The recent death of 8-year-old Noshat Nahian, who was struck and killed on his way to school in Woodside by a tractor-trailer making an allegedly illegal left turn on Northern Boulevard has residents, politicians, safety activists and even emergency room doctors looking for real changes to help make the borough’s streets safe for pedestrians.
Sadly, Nahian’s death on Dec. 20 was not an isolated incident but rather part of what many area leaders and residents are calling a disturbing trend of rising pedestrian injuries and fatalities in the borough.
A recent pedestrian injury summit, held at Elmhurst Hospital Center, confirmed that such injuries have been rising for about a decade and peaked last year with nearly 300 injuries, second only to falls as the major cause of injuries treated at the hospital.
Dr. George Agriantonis, Elmhurst Hospital’s director of trauma, said he noticed pedestrian injuries really start to climb noticeably about two years ago.
“We’ve been seeing some very serious pedestrian injuries including severe head traumas, abdominal Injuries and pelvic fractures,” he said.
He also noted that while Queens Boulevard used to be one of the most dangerous thoroughfares for pedestrians, in the past few years both Northern Blvd and Roosevelt Avenue have become increasingly dangerous spots for walkers and bicyclists alike.
Drawing on some of the data brought out at Elmhurst’s recent summit, Agriantonis said that overall prevention of pedestrian accidents is something that is both within reach and of the utmost urgency.
“What can be done is a combination of education, redesign of roadways and traffic devices and taking a look at streets and finding ways to make them more pedestrian friendly,” he said.

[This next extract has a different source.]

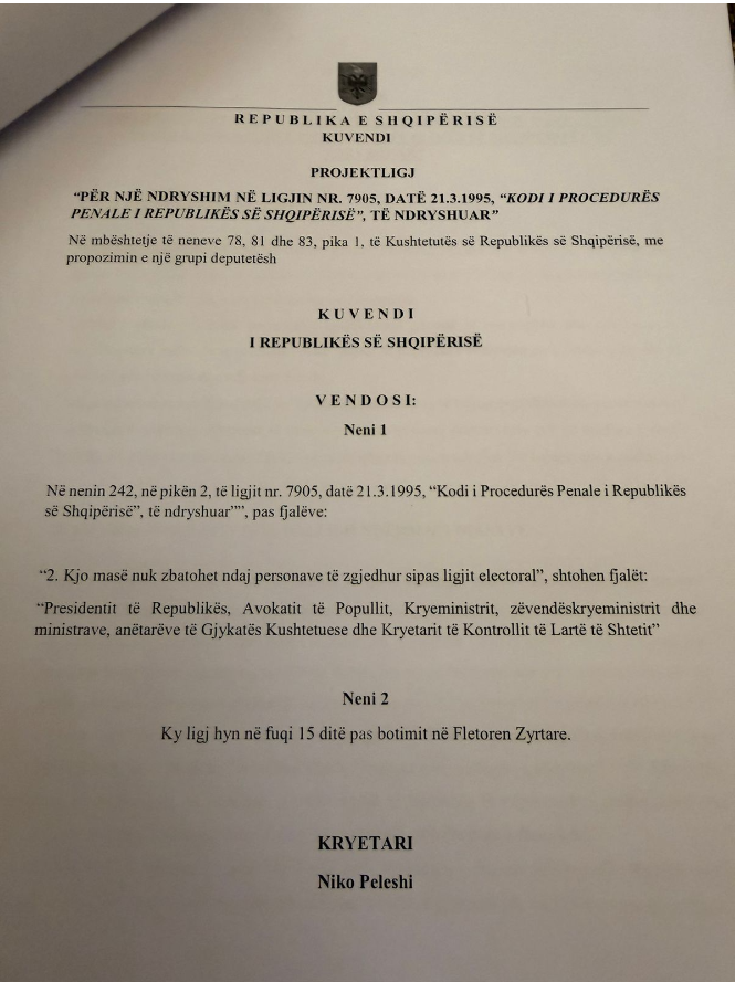 Konkretisht, PS synon të prekë nenin 242 të Kodit të Procedurës Penale, që aktualisht nuk lejon pezullimin nga detyra vetëm të deputetit apo kryebashkiakut.

He added that some intersections can be made safer and that law enforcement can examine how pedestrians cross major roadways and also better monitor drivers and how they obey traffic signs and signals and whether or not they yield to pedestrians.
Moreover, Agriantonis said that the hospital is currently in the middle of a separate study, examining the circumstances of each and every pedestrian injury to try and see what each person was doing and what was going-on at the time of the accident.
He said he is hopeful that the study will show some other trends as well, such as whether or not distractions such as cell phones, texting or earphones played any part.
“Right now, all we can do is speculate,” Agriantonis said.
Cristina Furlong, a Jackson Heights resident and spokesperson for MakeQueensSafer, a group formed to bring awareness to issues such as reckless driving, unsafe street design, and lack of enforcement of traffic laws, said that more focus is needed on pedestrian safety in the borough.
“It is so important, especially in Queens, to get people to stand up and demand change when tragedies, such as the death of an 8-year-old school boy occur,” said Furlong.
Furlong, who both attended and helped organize a recent vigil for Nahian, called Northern Boulevard a “major danger,” especially because there are three schools along the route that make crossing the boulevard a necessity for scores of school children.
Among the changes MakeQueensSafer is hoping to see include development of a strong community-based movement that sees pedestrian and cyclist fatalities as intolerable and 100 percent preventable; safer street designs; stronger enforcement of traffic laws; driver accountability and helping to provide resources and education materials on driver, pedestrian, and cyclist safety on Queens’ overcrowded streets.
In the short term, Furlong hopes to protect kids with crossing guards and street safety education programs.
But, long term, she said the community needs to reach out to elected officials in Albany and ask them for changes to laws regarding reckless driving as well as highway redesign.
“There’s an epidemic of drivers who walk away from fatal collisions with little more than a few tickets,” she said, adding that stiffer penalties for reckless driving are needed.
State Sen. Michael Gianaris (D-Astoria) has introduced legislation that would crack down on reckless drivers after a crash by empowering police to remove the involved vehicle’s plates and impound the vehicle pending an accident investigation.
Furlong made the comparison to how police can seize and impound vehicles involved in felony drug offenses.
“Reckless driving is a crime,” she said. “We need to start treating it like one.”